Work item :: Return the whole listing unchanged. Drop the images.

Raw data ::
------------------------------

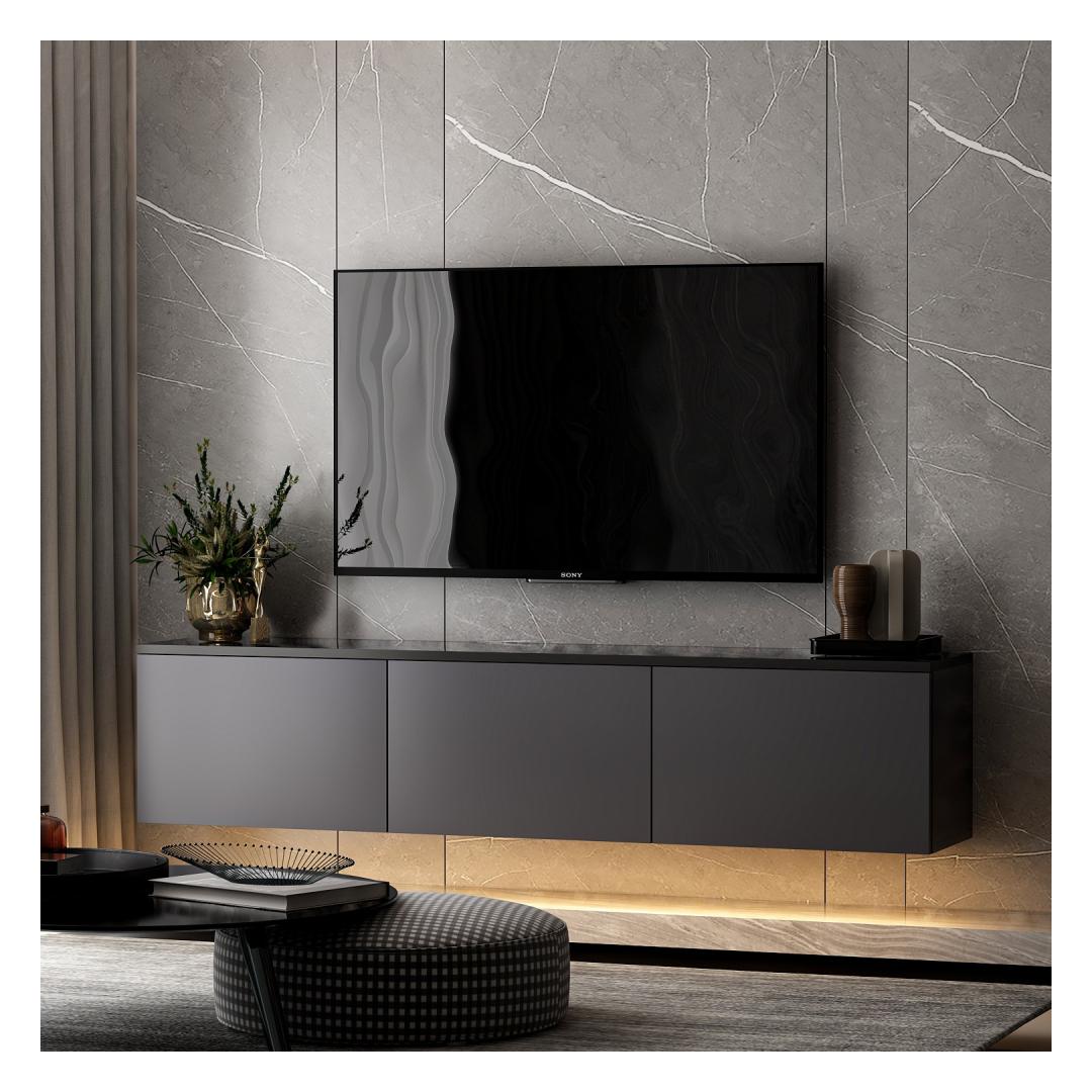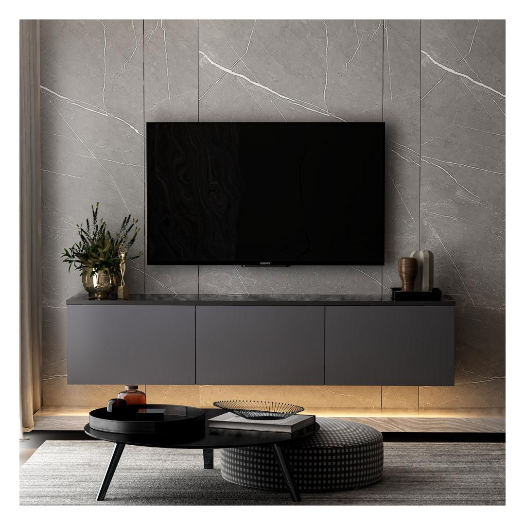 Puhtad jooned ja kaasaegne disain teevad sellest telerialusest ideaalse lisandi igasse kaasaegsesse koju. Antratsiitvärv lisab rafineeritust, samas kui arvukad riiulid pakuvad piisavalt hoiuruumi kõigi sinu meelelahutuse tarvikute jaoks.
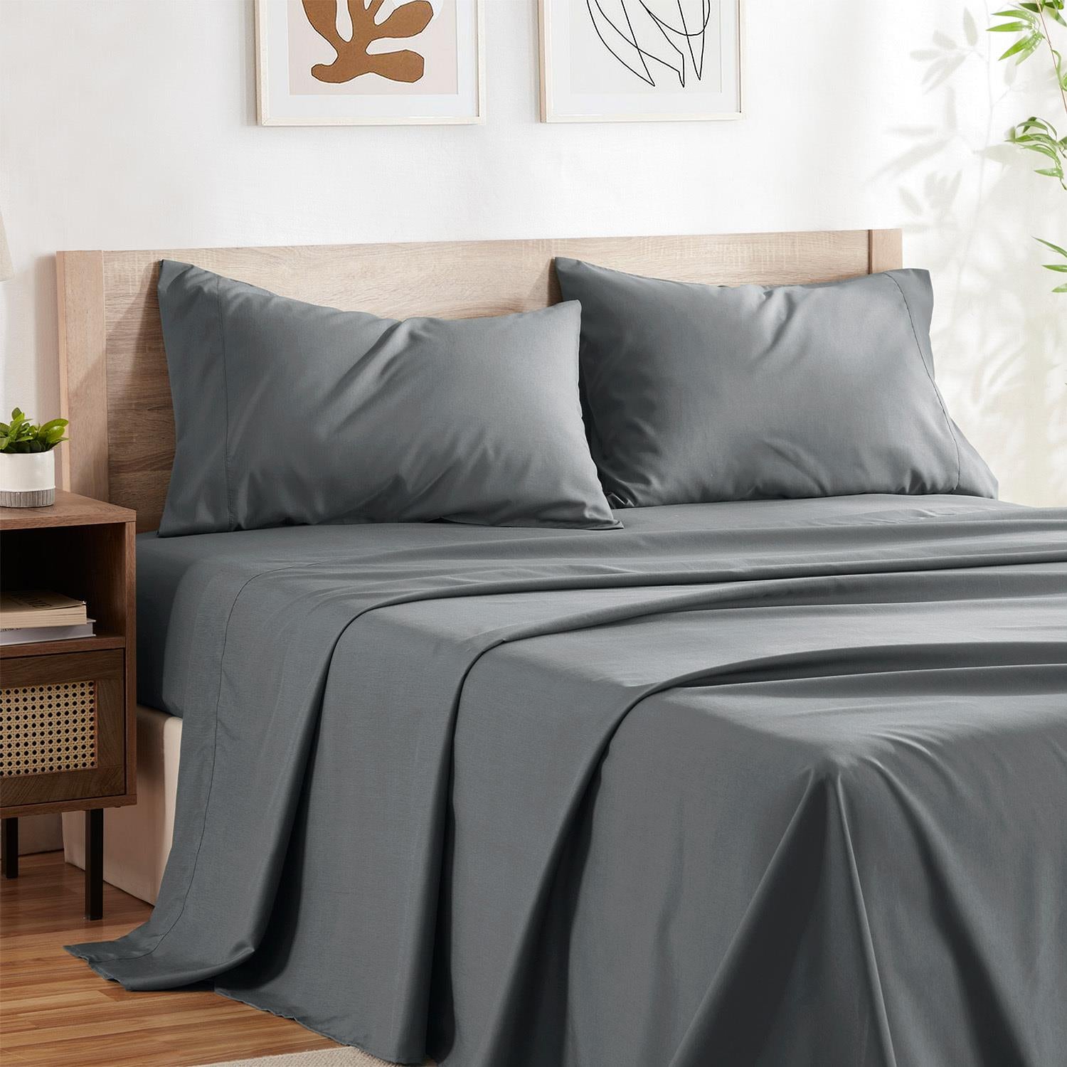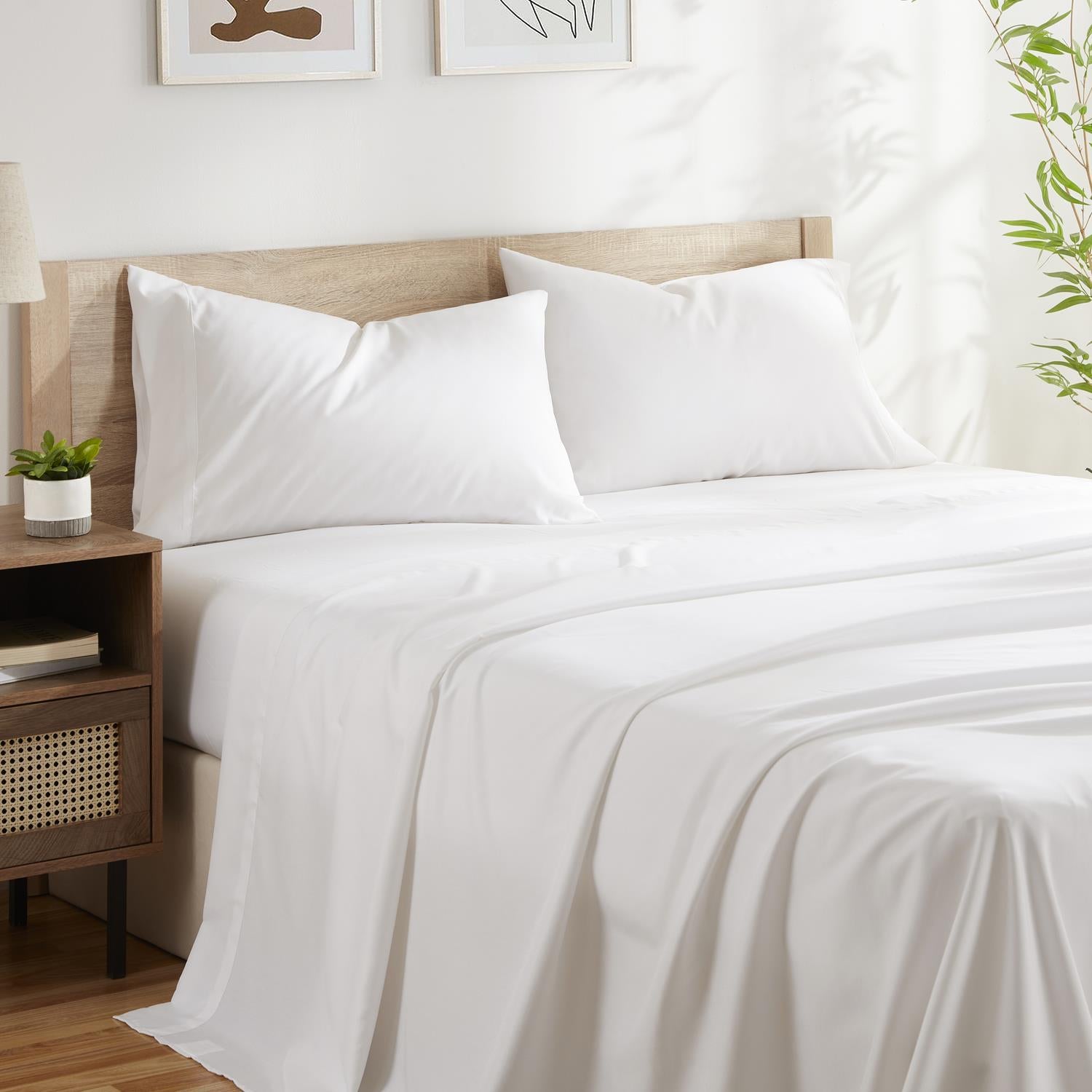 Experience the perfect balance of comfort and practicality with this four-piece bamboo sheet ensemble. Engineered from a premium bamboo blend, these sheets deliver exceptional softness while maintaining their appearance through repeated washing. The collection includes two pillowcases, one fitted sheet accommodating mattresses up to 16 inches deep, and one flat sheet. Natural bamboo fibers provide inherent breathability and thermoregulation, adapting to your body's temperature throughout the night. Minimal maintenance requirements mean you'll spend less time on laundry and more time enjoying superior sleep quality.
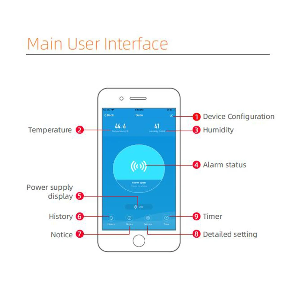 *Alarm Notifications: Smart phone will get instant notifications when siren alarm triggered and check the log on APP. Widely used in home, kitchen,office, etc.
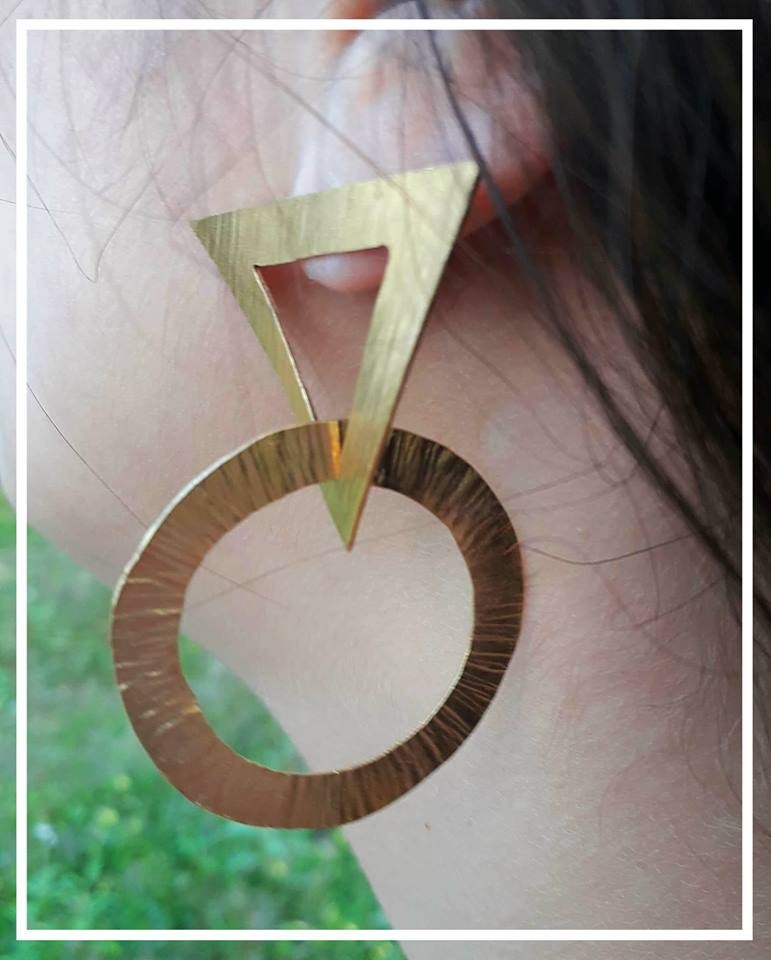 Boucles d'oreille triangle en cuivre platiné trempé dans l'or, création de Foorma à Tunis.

------------------------------

Answer section ::
 Puhtad jooned ja kaasaegne disain teevad sellest telerialusest ideaalse lisandi igasse kaasaegsesse koju. Antratsiitvärv lisab rafineeritust, samas kui arvukad riiulid pakuvad piisavalt hoiuruumi kõigi sinu meelelahutuse tarvikute jaoks.
 Experience the perfect balance of comfort and practicality with this four-piece bamboo sheet ensemble. Engineered from a premium bamboo blend, these sheets deliver exceptional softness while maintaining their appearance through repeated washing. The collection includes two pillowcases, one fitted sheet accommodating mattresses up to 16 inches deep, and one flat sheet. Natural bamboo fibers provide inherent breathability and thermoregulation, adapting to your body's temperature throughout the night. Minimal maintenance requirements mean you'll spend less time on laundry and more time enjoying superior sleep quality.
 *Alarm Notifications: Smart phone will get instant notifications when siren alarm triggered and check the log on APP. Widely used in home, kitchen,office, etc.
 Boucles d'oreille triangle en cuivre platiné trempé dans l'or, création de Foorma à Tunis.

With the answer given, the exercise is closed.